I think that should cover it! Feel free to drop any questions if there's something I missed.
Thank you for your answer.
I have been asking chatGPT
for some references about causal inference, one of which was this ArXiV
paper: Kalainathan, D., & Goudet, O. (2019). Causal Discovery Toolbox: Uncover causal relationships in Python. ArXiv. /abs/1903.02278. I wanted to know if there is any similar software for Julia and found CausalInference.jl
and CausalityTools.jl
.
I have searched Pearl
(from Judea Pearl) in CausalityTools.jl
but found none. Maybe IMO it would be interesting to add some references to the documentation.
I have been asking chatGPT for some references about causal inference
The future had to catch up with this repository too 😁
I have searched Pearl (from Judea Pearl) in CausalityTools.jl but found none. Maybe IMO it would be interesting to add some references to the documentation.
The reason why you don't find any reference to Pearl here yet is because none of the methods currently implemented deal directly with his work. When the PC algorithm is released in the near future, its docstring will reference Pearl, as well as Spirtes et al. and related works (which are referenced in the paper you mentioned).
Until now, we've been focused on getting all the low-level machinery and a stable API in place. Since that is now in place since v2.0, the natural next step now is to implement PC, and any other related causal inference frameworks that exist out there. (PS: pull requests are very welcome, if you feel inclined!)
Maybe IMO it would be interesting to add some references to the documentation.
We definitely need some sort of summary page where all the seminal works on the topic are mentioned! I'll keep this issue open as a reminder.
this ArXiV paper: Kalainathan, D., & Goudet, O. (2019). Causal Discovery Toolbox: Uncover causal relationships in Python. ArXiv. /abs/1903.02278.
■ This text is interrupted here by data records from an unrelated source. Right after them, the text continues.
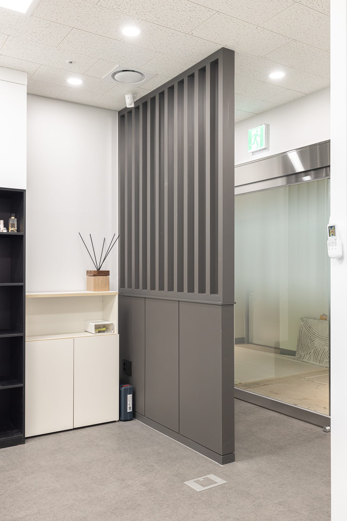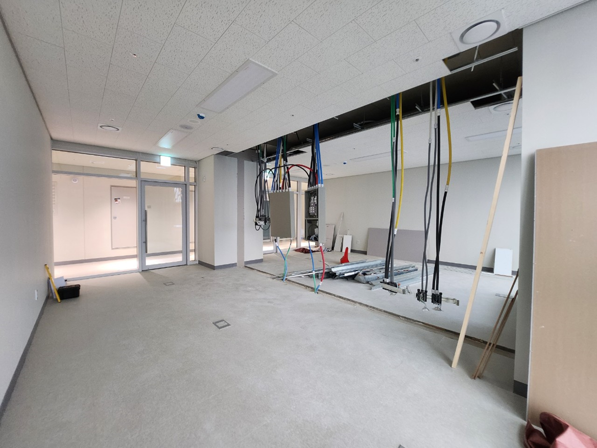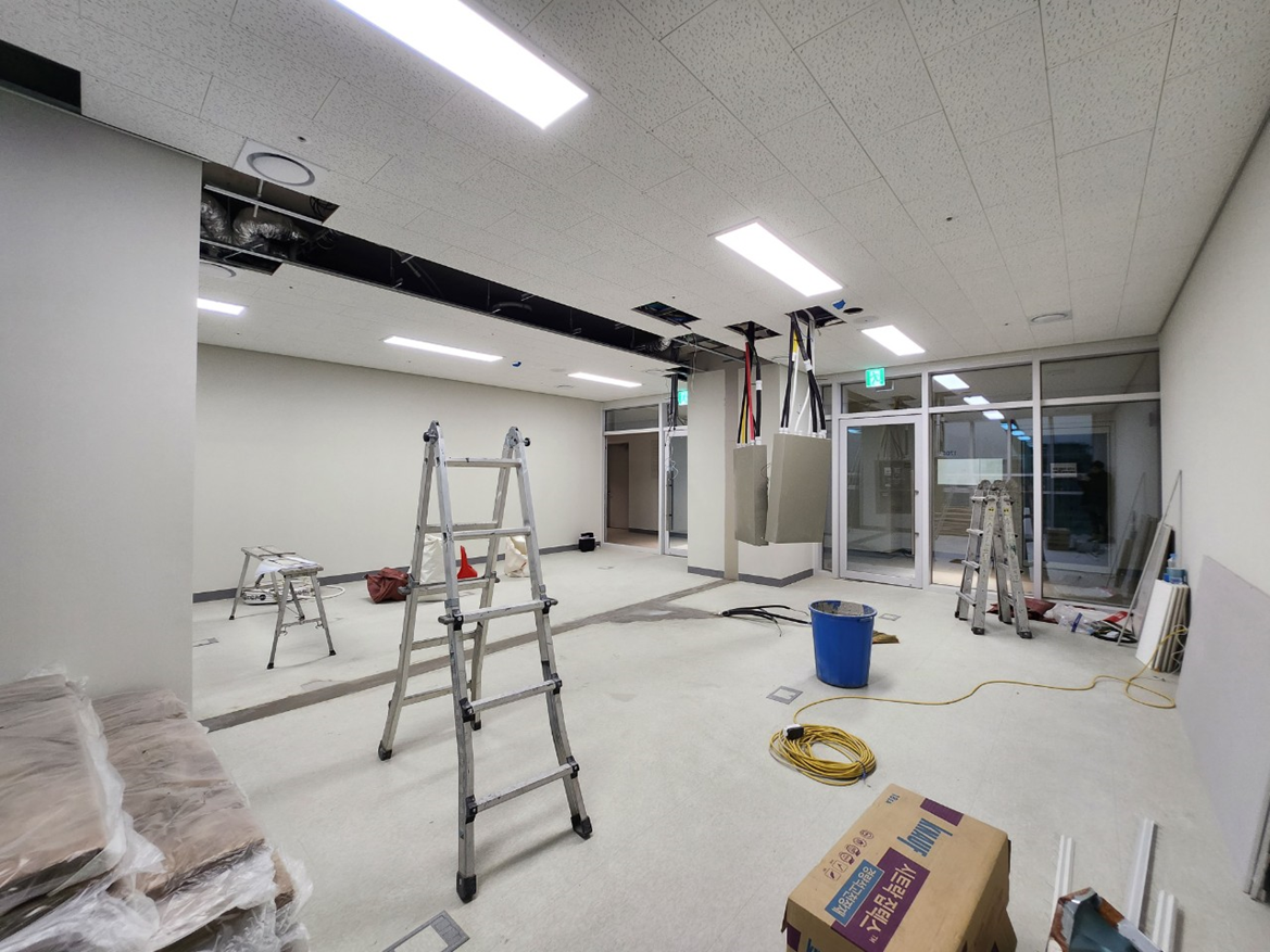 공간 구획을 위해 일부 목공 작업이 진행되었습니다. 특히 고객 상담실과 사무 공간을 분리하는 가벽 설치 등
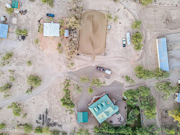 Prime NORTHEAST Tucson, by appointment only and PRIVATELY GATED. Large Metal Work Shop Building, Horse Barn with Tack Room, Mare Motel, Hay Barn, Arena PRIVATE WELL. Modern FARM HOUSE STYLE with wrap around DECK, Metal Roof, features 3 bedrooms plus loft, 2.5 bathrooms, Mesquite wood flooring, Granite Countertops, Fireplace in Large Living room, Formal dining and breakfast nook off Upgraded Kitchen. Lush backyard with paver patio, Hot Tub, Fire pit, grass yard
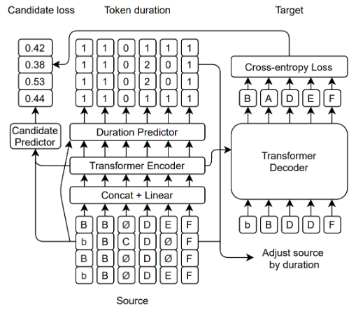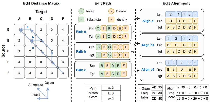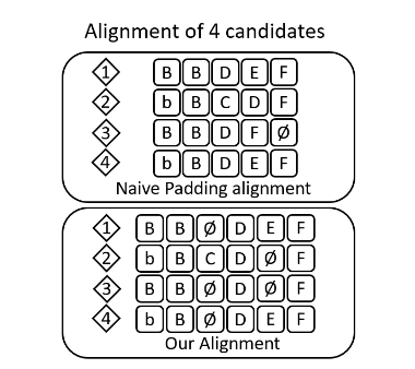 为了能够让纠错模型更好地利用多输入(多个语音识别结果)信息,研究员们对 FastCorrect 的对齐算法和模型结构进行了一系列调整。
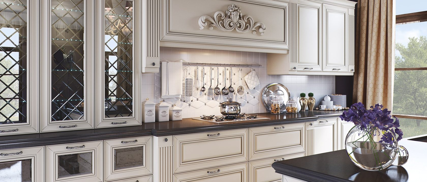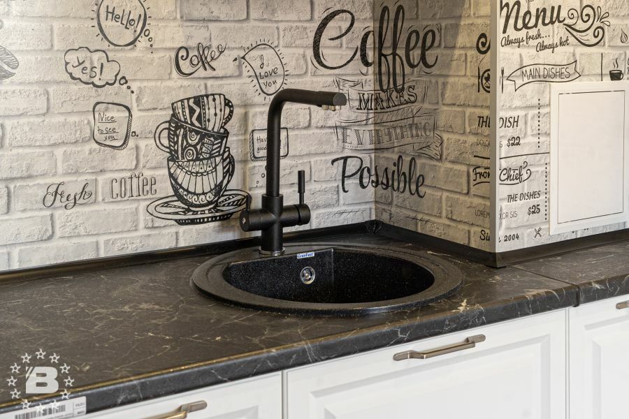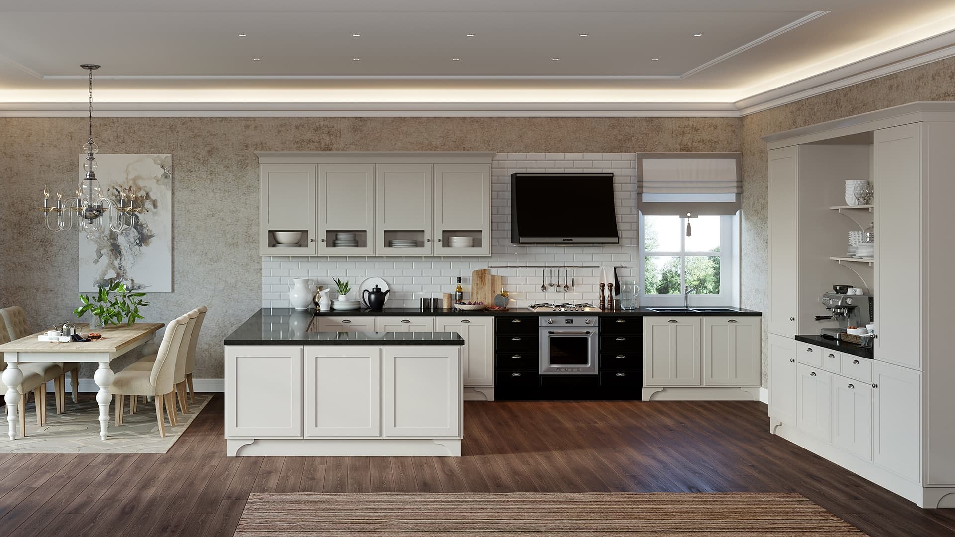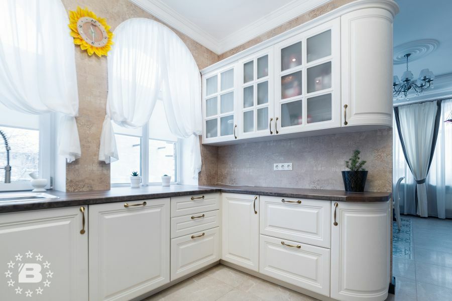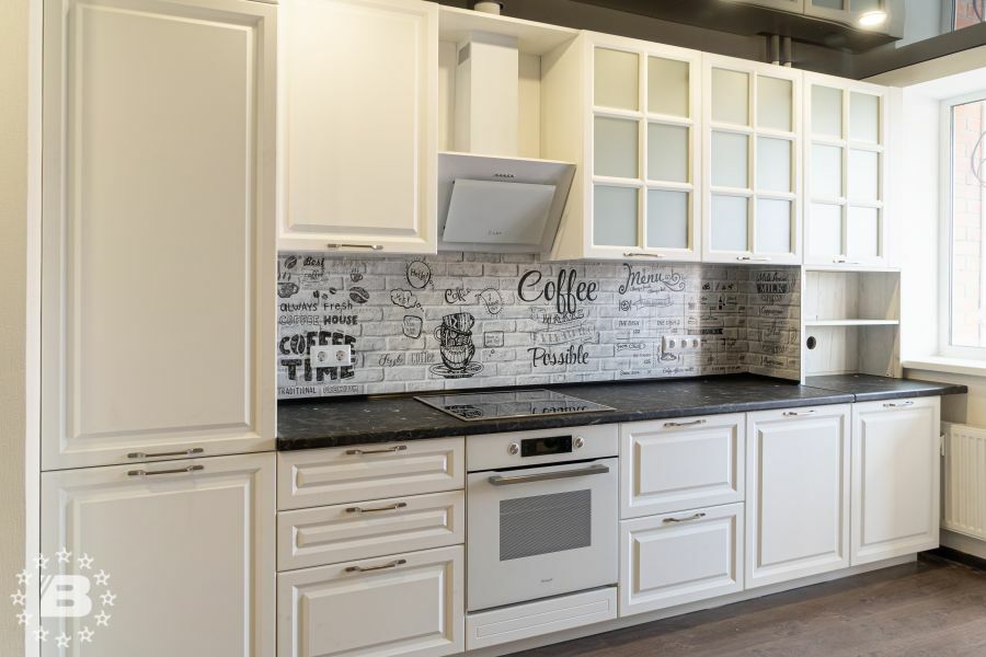 Большая белая кухня с темной столешницей. Роскошная белая кухня в классическом стиле соединила в себе элегантность, функциональность и практичность. Дизайн этой кухни вдохновляет, а внутреннее наполнение дарит максимальный комфорт. Особую индивидуальность придают кухне темная фактурная столешница и позитивный фартук кофейной тематики. За стеклянными фасадами разместится праздничная и повседневная посуда. Для бакалеи и кухонной утвари предусмотрено множество вместительных ящиков и выкатных систем.

Under the hood, the graph inference pipeline for this package is actually quite similar to what is described in Figure 1 of this paper. In particular, you can use any pairwise association measure in this package to infer an undirected graph (the middle portion of their Figure 1). However, you'd have to do it manually until the PC or related algorithms is in place (or use CausalInference.jl!)
Unfortunately, I have no knowledge of the Python package or the R packages mentioned in the paper. I'm implementing everything from scratch here, as part of my learning journey and own research on time series causal inference.
If there's anything in particular you'd like to see in terms of functionality, you can always open a specific issue to request its implementation!